Up and Running: Data Engineering on the Google Cloud Platform
The completely free E-Book for setting up and running a Data Engineering stack on Google Cloud Platform.
NOTE: This book is currently incomplete. If you find errors or would like to fill in the gaps, read the Contributions section.
Table of Contents
Preface
Chapter 1: Setting up a GCP Account
Chapter 2: Setting up Batch Processing Orchestration with Composer and Airflow
Chapter 3: Building a Data Lake with Google Cloud Storage (GCS)
Chapter 4: Building a Data Warehouse with BigQuery
Chapter 5: Setting up DAGs in Composer and Airflow
Chapter 6: Setting up Event-Triggered Pipelines with Cloud Functions
Chapter 7: Parallel Processing with Dataproc and Spark
Chapter 8: Streaming Data with Pub/Sub
Chapter 9: Managing Credentials with Google Secret Manager
Chapter 10: Infrastructure as Code with Terraform
Chapter 11: Deployment Pipelines with Cloud Build
Chapter 12: Monitoring and Alerting
Chapter 13: Up and Running - Building a Complete Data Engineering Infrastructure
Appendix A: Example Code Repository
Chapter 12: Monitoring and Alerting
We've spent 11 chapters in this book going over how to set up your infrastructure. But that doesn't do us much good if everything breaks and you don't fix it. There will be problems, whether with your code, or a GCP outage, or a malformed file. It's our responsibility as data engineers to quickly identify when there's a problem and give ourselves as much information as we can to fix the issue.

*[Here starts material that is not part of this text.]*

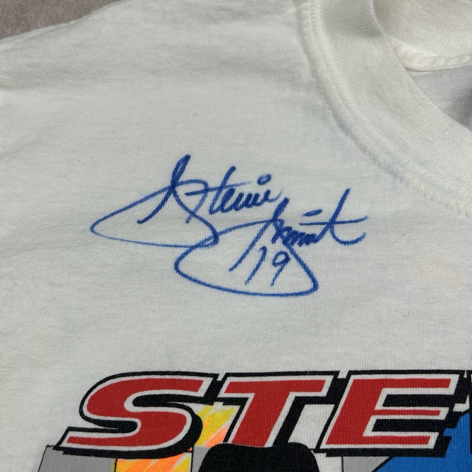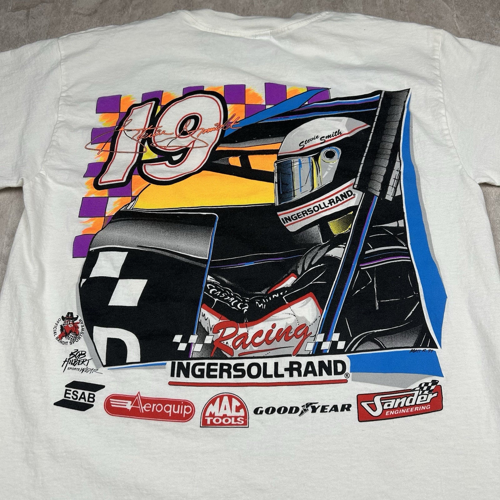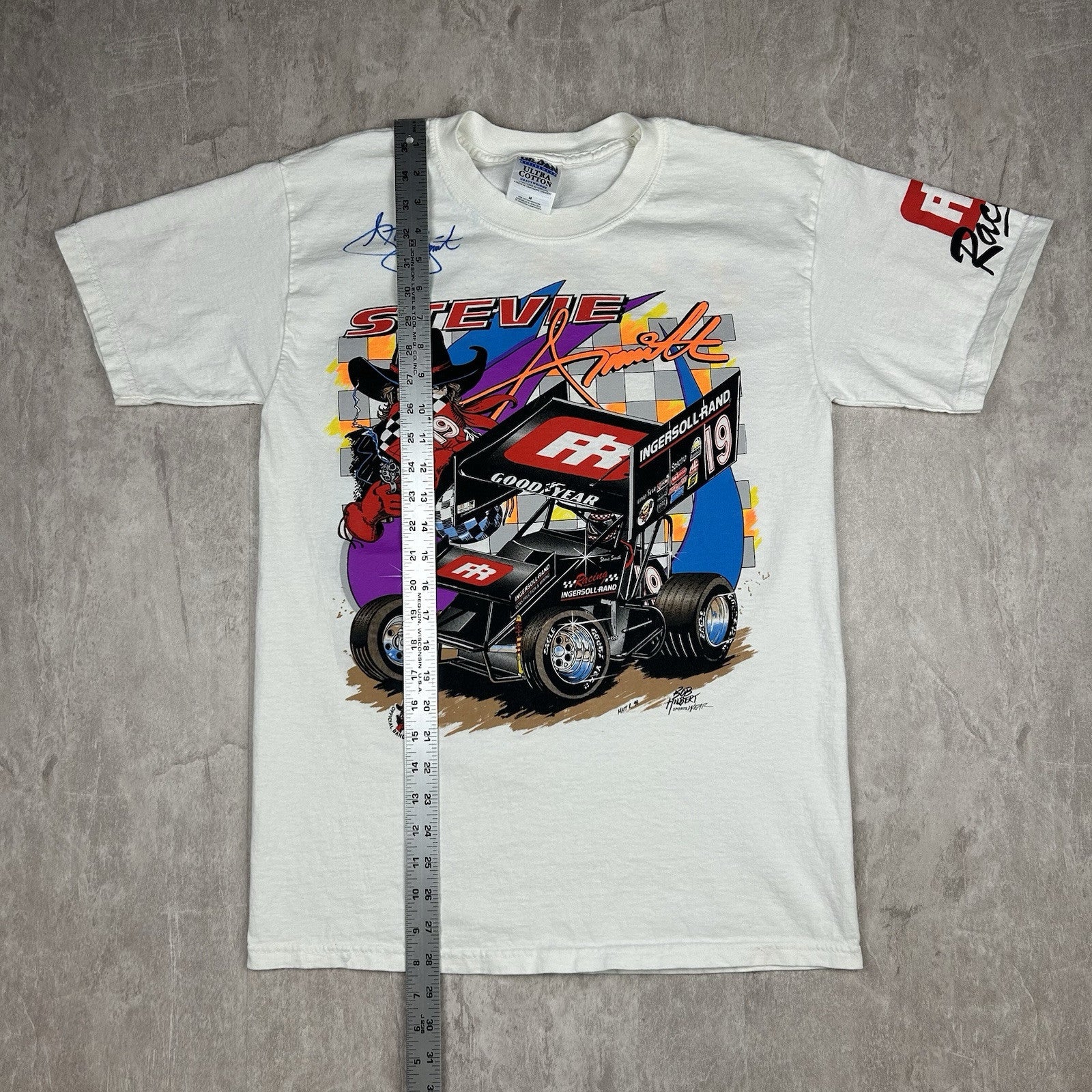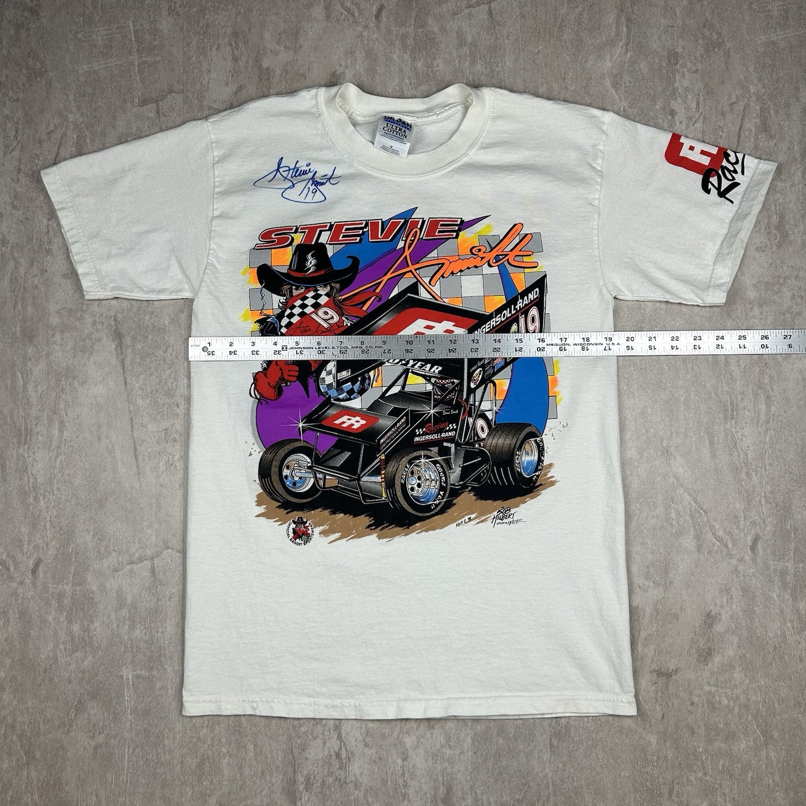 This signed vintage Stevie Smith #19 Ingersoll Rand sprint car T-shirt is a must-have for racing fans. Featuring a classic design, it comes in men's size M and is perfect for collectors of motorsports memorabilia.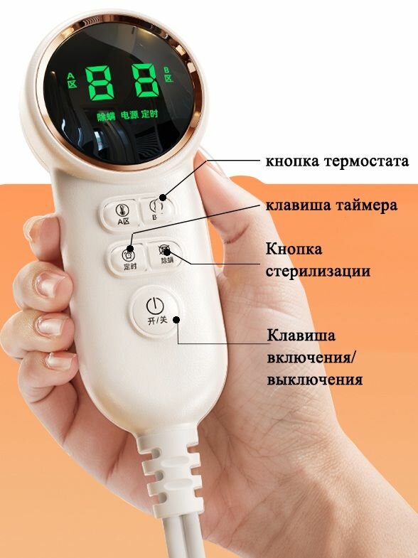 Одеяло с подогревом , электропростынь 150х180 см, электроодеяло, 9 режимов нагрева, 2 зоны оборева.

Conveniently, GCP provides dashboard for each of its services, so we can easily monitor the health of our infrastructure and make adjustments as needed. While the monitoring dashboards are automatically set up for you and can be easily customized through the console, you'll be responsible for setting up your own alerts. Consequently, this Chapter is going to be focused on setting Alerts, but you can check out GCP's Monitoring Service for setting up monitoring dashboards.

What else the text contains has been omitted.